Recorded information.

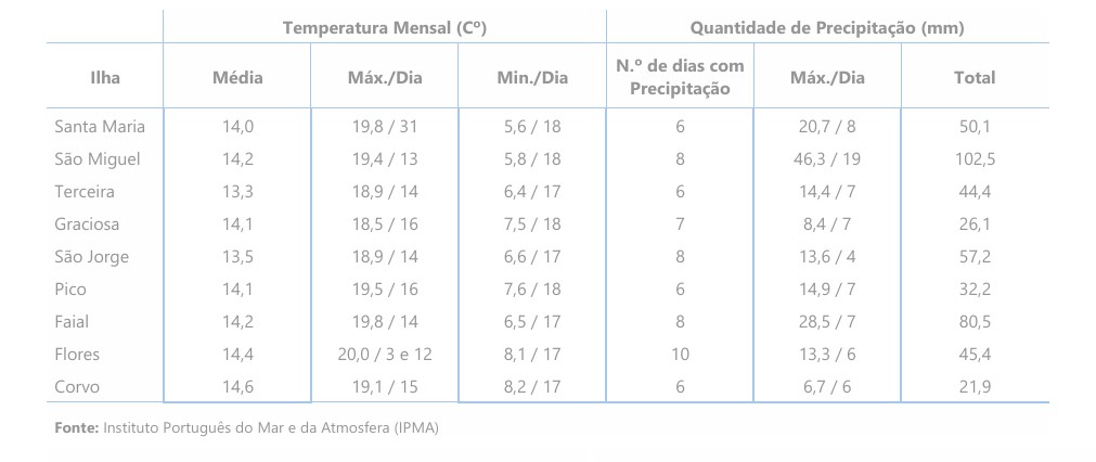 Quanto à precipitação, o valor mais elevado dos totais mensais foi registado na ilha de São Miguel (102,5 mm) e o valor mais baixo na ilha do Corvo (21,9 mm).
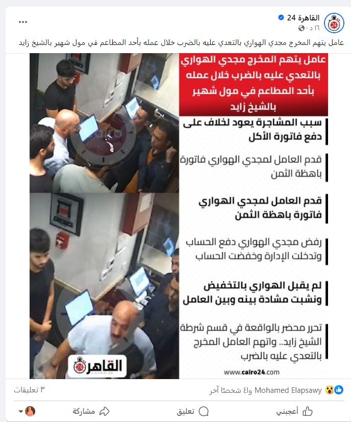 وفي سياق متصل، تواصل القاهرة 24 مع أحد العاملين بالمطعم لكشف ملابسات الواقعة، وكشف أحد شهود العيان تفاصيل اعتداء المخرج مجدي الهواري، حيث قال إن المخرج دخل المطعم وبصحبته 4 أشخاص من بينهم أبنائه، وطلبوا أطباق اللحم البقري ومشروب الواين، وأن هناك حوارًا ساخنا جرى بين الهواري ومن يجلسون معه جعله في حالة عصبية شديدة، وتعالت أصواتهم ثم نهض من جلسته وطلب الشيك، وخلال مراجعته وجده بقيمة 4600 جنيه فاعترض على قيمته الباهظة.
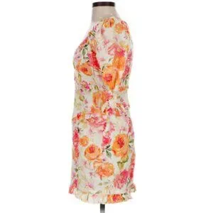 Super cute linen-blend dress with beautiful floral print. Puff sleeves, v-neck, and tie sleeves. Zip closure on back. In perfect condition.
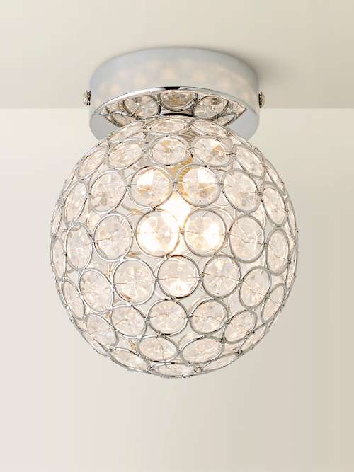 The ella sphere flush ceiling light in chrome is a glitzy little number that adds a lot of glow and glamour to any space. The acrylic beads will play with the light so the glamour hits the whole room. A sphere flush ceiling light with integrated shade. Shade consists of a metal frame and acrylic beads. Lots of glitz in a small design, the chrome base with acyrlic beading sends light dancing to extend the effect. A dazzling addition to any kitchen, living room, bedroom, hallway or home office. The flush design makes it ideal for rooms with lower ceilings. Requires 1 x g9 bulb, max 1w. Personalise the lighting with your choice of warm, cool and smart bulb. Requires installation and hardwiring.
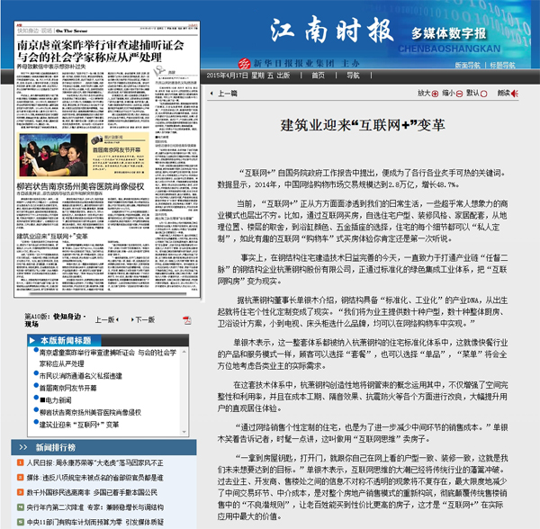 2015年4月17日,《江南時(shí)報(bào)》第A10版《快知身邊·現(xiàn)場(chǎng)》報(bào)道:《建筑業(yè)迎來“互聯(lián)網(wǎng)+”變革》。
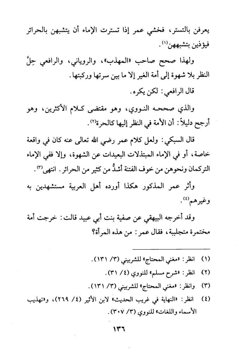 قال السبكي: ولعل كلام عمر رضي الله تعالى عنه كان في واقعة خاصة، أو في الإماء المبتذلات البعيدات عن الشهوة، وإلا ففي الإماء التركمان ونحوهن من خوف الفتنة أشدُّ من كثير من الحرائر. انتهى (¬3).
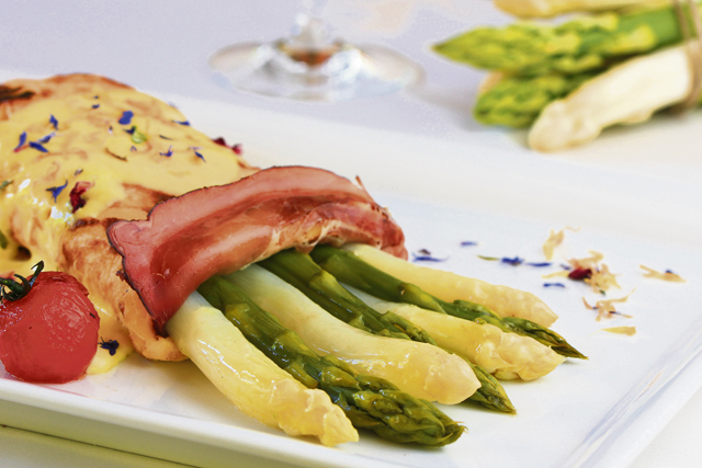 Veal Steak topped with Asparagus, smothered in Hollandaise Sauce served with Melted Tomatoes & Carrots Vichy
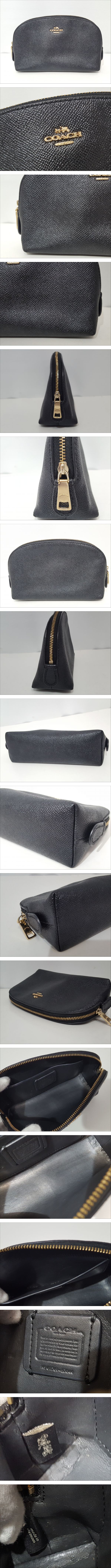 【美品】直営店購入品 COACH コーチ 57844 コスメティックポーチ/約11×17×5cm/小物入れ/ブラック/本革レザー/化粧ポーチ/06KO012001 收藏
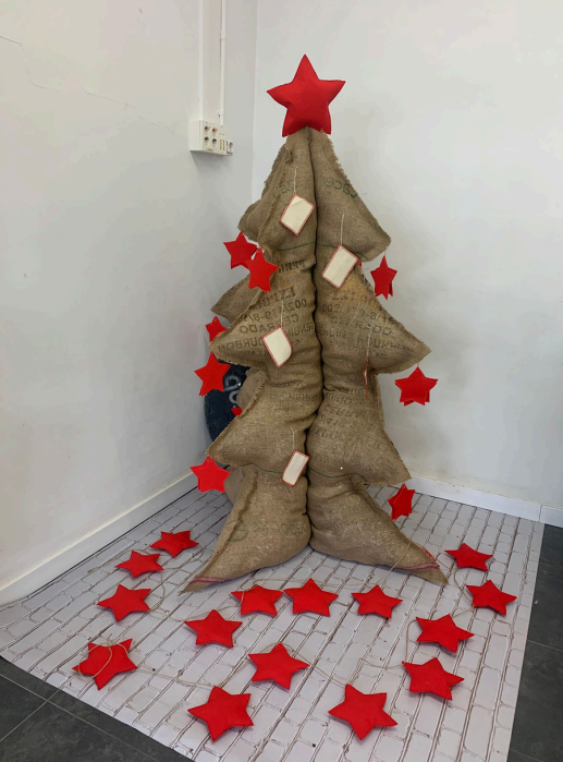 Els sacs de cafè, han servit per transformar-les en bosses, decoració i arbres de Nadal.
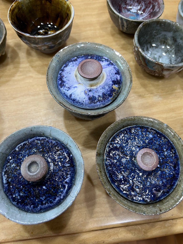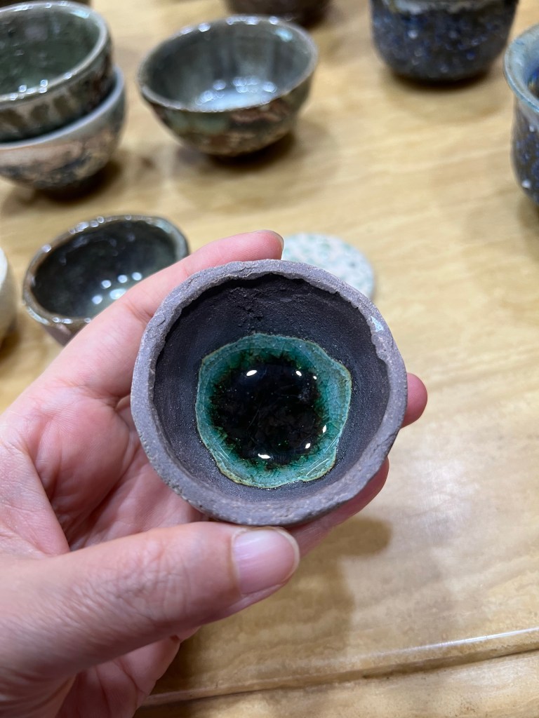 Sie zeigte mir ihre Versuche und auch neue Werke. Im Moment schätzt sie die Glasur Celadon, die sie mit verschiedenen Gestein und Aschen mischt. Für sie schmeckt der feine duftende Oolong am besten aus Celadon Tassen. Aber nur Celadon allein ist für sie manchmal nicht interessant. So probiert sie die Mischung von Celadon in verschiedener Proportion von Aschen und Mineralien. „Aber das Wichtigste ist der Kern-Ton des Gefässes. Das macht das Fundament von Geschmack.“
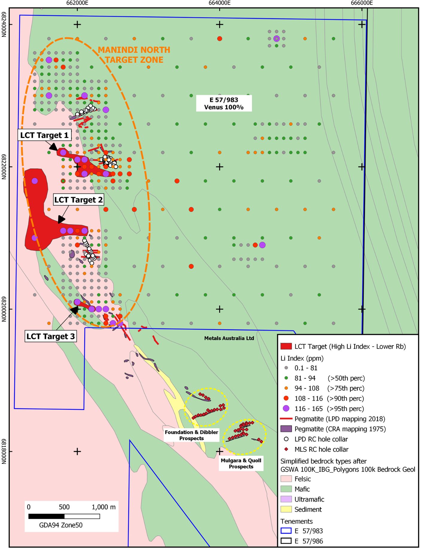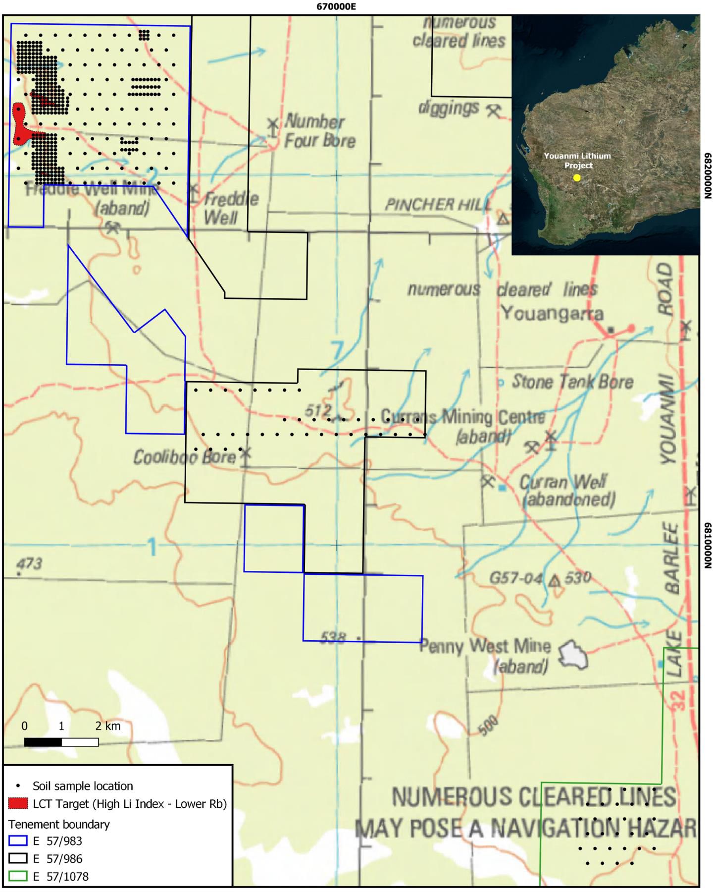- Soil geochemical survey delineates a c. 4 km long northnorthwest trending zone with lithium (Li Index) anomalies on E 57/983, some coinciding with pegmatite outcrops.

---

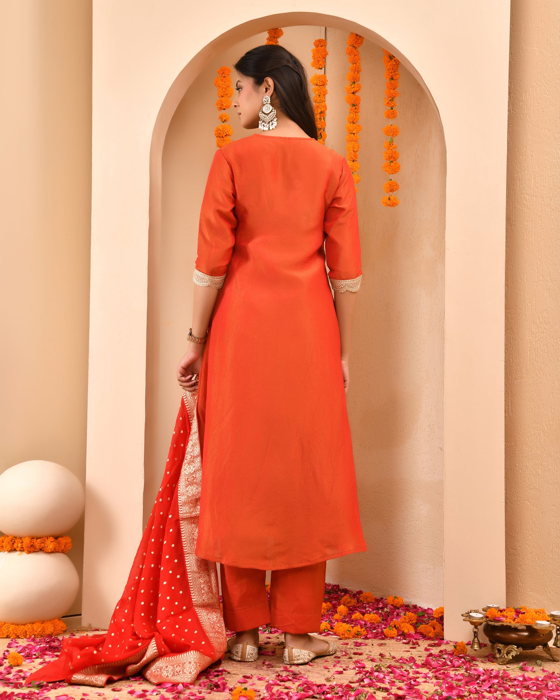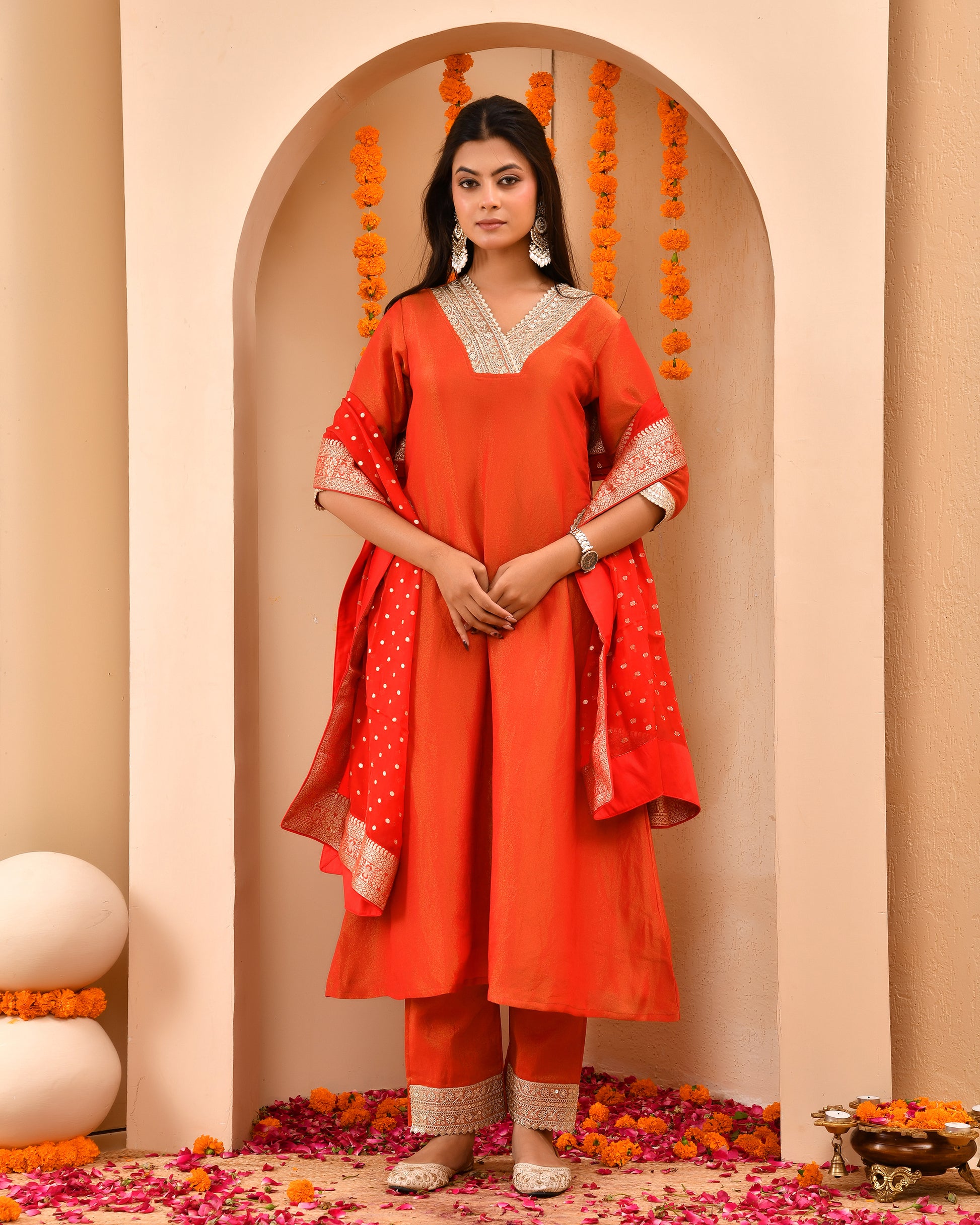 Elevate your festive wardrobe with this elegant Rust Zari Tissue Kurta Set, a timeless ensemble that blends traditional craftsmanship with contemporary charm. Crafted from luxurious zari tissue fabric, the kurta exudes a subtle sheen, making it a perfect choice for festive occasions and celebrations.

...

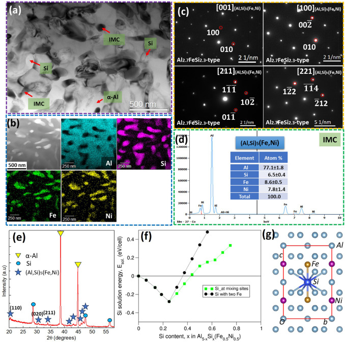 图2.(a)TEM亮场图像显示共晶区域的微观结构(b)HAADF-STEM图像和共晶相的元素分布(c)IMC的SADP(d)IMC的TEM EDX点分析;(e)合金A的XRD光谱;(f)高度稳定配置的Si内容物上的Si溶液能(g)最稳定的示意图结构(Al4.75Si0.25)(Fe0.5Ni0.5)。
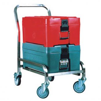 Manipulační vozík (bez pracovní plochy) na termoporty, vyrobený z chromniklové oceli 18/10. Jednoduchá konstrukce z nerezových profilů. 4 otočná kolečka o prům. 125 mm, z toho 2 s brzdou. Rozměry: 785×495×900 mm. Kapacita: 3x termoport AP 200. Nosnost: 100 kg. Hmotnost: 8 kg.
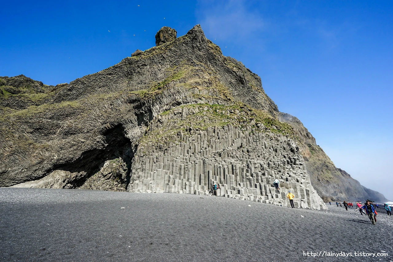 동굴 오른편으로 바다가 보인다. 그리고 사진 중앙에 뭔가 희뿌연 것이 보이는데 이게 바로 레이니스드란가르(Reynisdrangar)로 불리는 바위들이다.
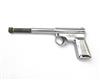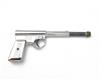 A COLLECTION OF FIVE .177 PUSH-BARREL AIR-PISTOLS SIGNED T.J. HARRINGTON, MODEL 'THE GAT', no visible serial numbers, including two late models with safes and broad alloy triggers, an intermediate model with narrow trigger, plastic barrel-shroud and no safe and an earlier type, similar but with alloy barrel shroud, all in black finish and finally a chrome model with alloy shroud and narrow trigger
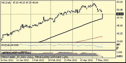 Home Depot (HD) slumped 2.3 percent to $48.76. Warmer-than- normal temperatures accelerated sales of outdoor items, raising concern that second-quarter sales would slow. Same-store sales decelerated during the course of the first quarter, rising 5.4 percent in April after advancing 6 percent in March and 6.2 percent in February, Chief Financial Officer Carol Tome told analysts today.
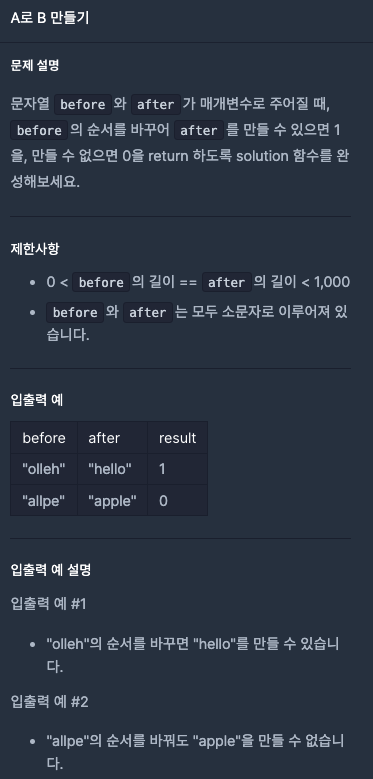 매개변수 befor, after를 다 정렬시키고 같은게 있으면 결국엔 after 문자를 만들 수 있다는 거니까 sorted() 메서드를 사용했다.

Exercise.
In the listing above, find the line with "قال السبكي: ولعل" and the line with "- Soil geochemical". Copy exactly those lines and all between them, minus the images.

Answer space.
 قال السبكي: ولعل كلام عمر رضي الله تعالى عنه كان في واقعة خاصة، أو في الإماء المبتذلات البعيدات عن الشهوة، وإلا ففي الإماء التركمان ونحوهن من خوف الفتنة أشدُّ من كثير من الحرائر. انتهى (¬3).
 Veal Steak topped with Asparagus, smothered in Hollandaise Sauce served with Melted Tomatoes & Carrots Vichy
 【美品】直営店購入品 COACH コーチ 57844 コスメティックポーチ/約11×17×5cm/小物入れ/ブラック/本革レザー/化粧ポーチ/06KO012001 收藏
 Els sacs de cafè, han servit per transformar-les en bosses, decoració i arbres de Nadal.
 Sie zeigte mir ihre Versuche und auch neue Werke. Im Moment schätzt sie die Glasur Celadon, die sie mit verschiedenen Gestein und Aschen mischt. Für sie schmeckt der feine duftende Oolong am besten aus Celadon Tassen. Aber nur Celadon allein ist für sie manchmal nicht interessant. So probiert sie die Mischung von Celadon in verschiedener Proportion von Aschen und Mineralien. „Aber das Wichtigste ist der Kern-Ton des Gefässes. Das macht das Fundament von Geschmack.“
- Soil geochemical survey delineates a c. 4 km long northnorthwest trending zone with lithium (Li Index) anomalies on E 57/983, some coinciding with pegmatite outcrops.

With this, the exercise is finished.